Give the entries again exactly; drop the pictures.

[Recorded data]
------------------------------------------------

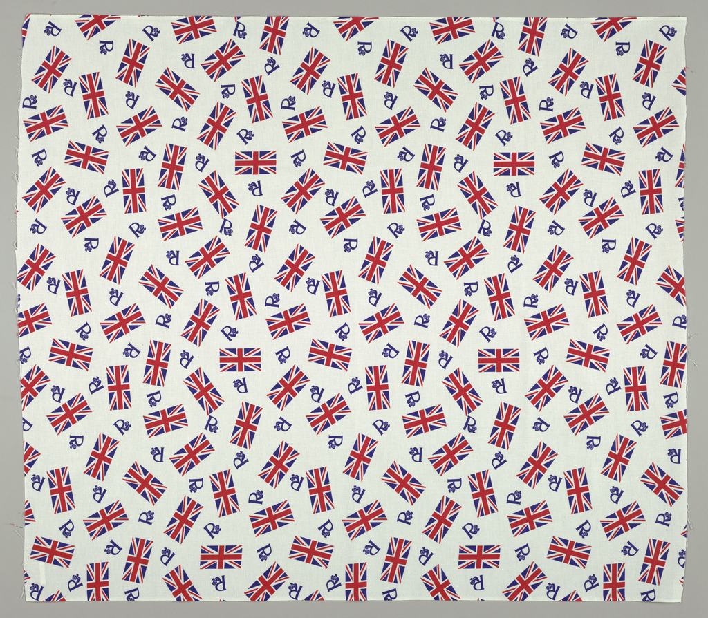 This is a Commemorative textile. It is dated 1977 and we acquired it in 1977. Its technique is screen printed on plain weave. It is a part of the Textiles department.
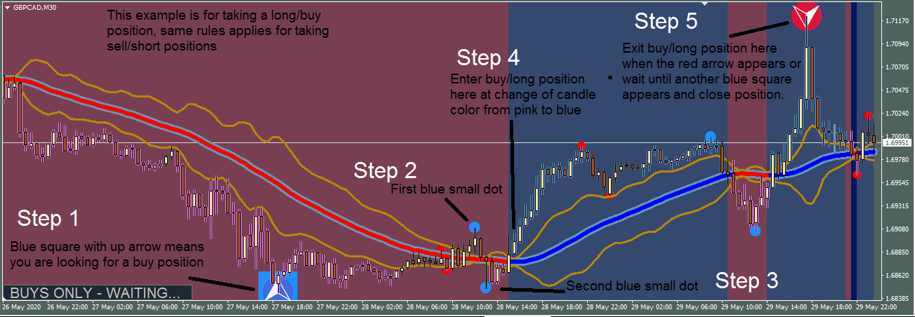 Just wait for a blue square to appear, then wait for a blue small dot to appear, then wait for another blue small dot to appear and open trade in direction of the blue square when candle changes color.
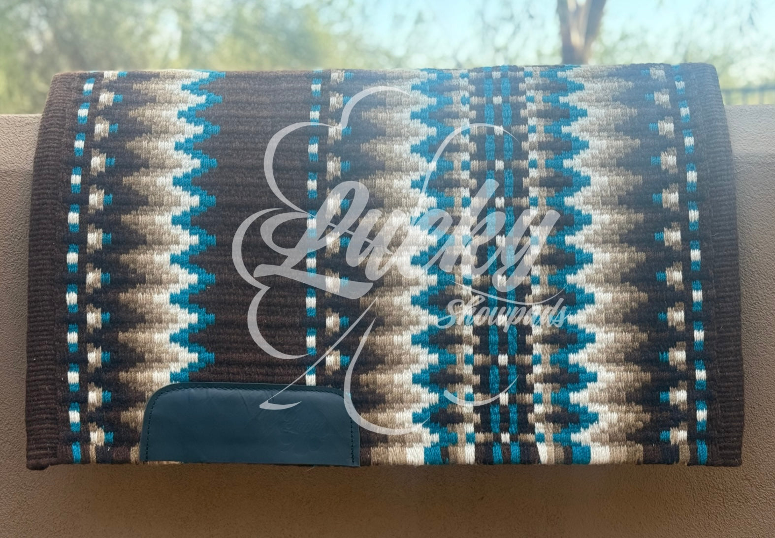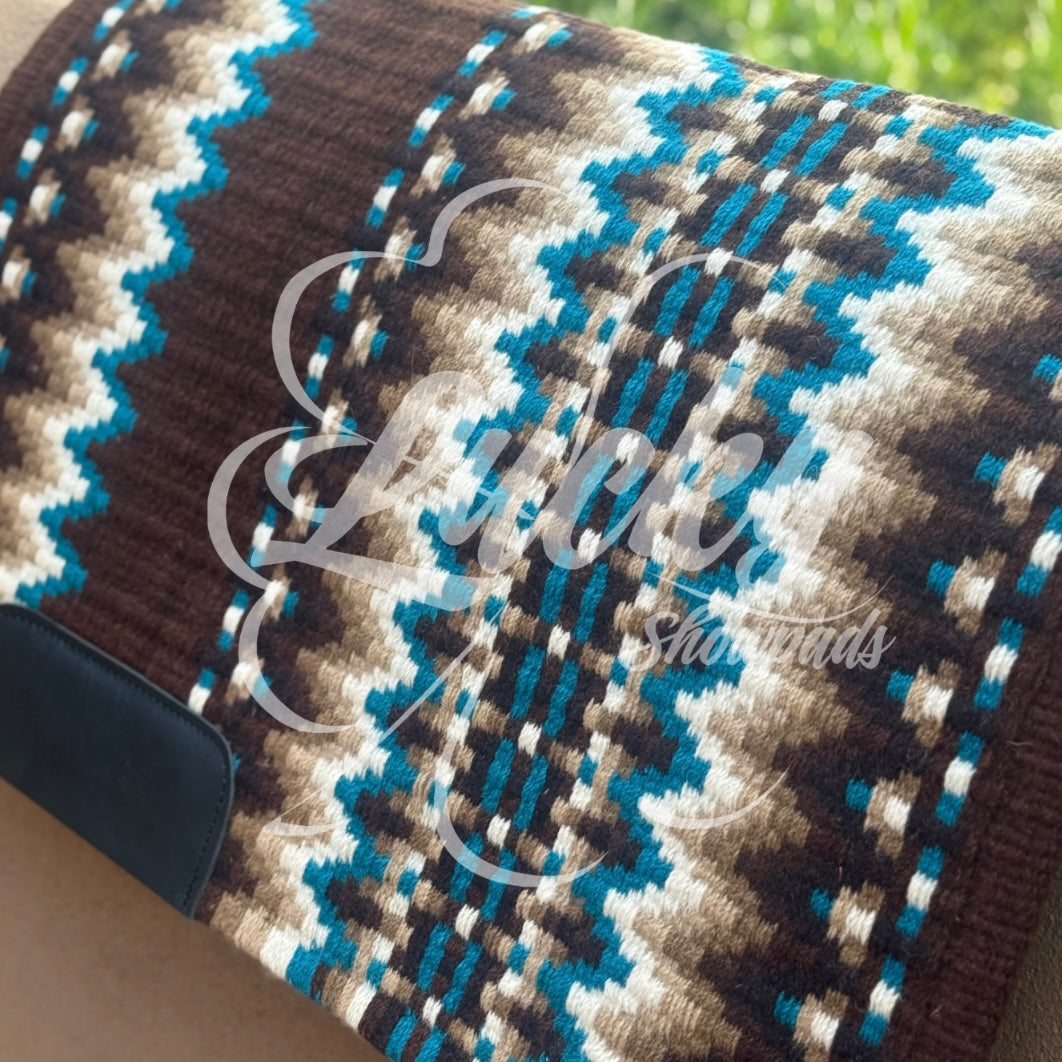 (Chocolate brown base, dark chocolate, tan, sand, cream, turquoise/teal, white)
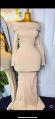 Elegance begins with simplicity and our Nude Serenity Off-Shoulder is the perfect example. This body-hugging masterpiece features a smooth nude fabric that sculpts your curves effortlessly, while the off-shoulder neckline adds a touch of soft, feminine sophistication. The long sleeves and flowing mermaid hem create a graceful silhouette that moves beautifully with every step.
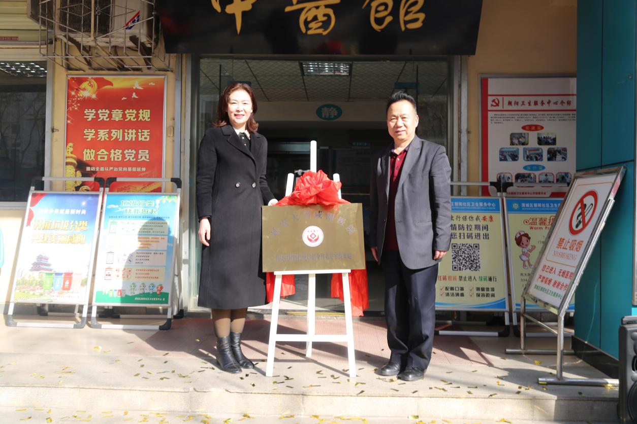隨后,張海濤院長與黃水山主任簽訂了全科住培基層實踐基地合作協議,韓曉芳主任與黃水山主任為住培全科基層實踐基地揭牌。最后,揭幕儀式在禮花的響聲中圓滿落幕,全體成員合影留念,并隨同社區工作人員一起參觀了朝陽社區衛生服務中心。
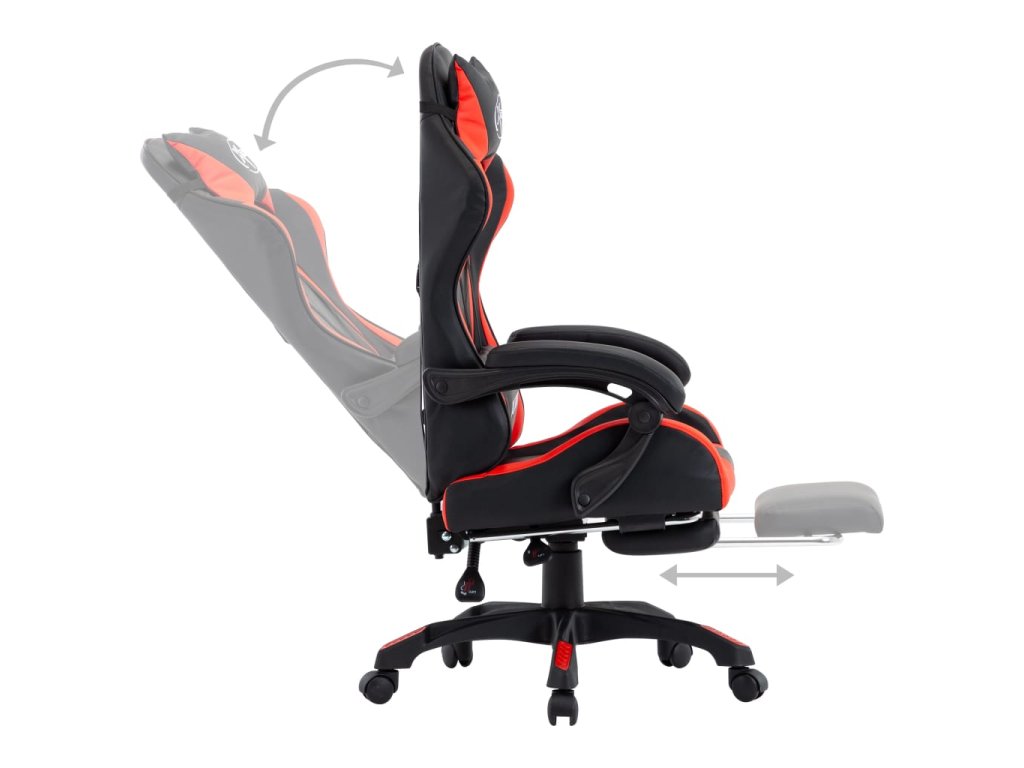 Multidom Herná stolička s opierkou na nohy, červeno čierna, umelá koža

------------------------------------------------

**Reply to the exercise:**
 This is a Commemorative textile. It is dated 1977 and we acquired it in 1977. Its technique is screen printed on plain weave. It is a part of the Textiles department.
 Just wait for a blue square to appear, then wait for a blue small dot to appear, then wait for another blue small dot to appear and open trade in direction of the blue square when candle changes color.
 (Chocolate brown base, dark chocolate, tan, sand, cream, turquoise/teal, white)
 Elegance begins with simplicity and our Nude Serenity Off-Shoulder is the perfect example. This body-hugging masterpiece features a smooth nude fabric that sculpts your curves effortlessly, while the off-shoulder neckline adds a touch of soft, feminine sophistication. The long sleeves and flowing mermaid hem create a graceful silhouette that moves beautifully with every step.
隨后,張海濤院長與黃水山主任簽訂了全科住培基層實踐基地合作協議,韓曉芳主任與黃水山主任為住培全科基層實踐基地揭牌。最后,揭幕儀式在禮花的響聲中圓滿落幕,全體成員合影留念,并隨同社區工作人員一起參觀了朝陽社區衛生服務中心。
 Multidom Herná stolička s opierkou na nohy, červeno čierna, umelá koža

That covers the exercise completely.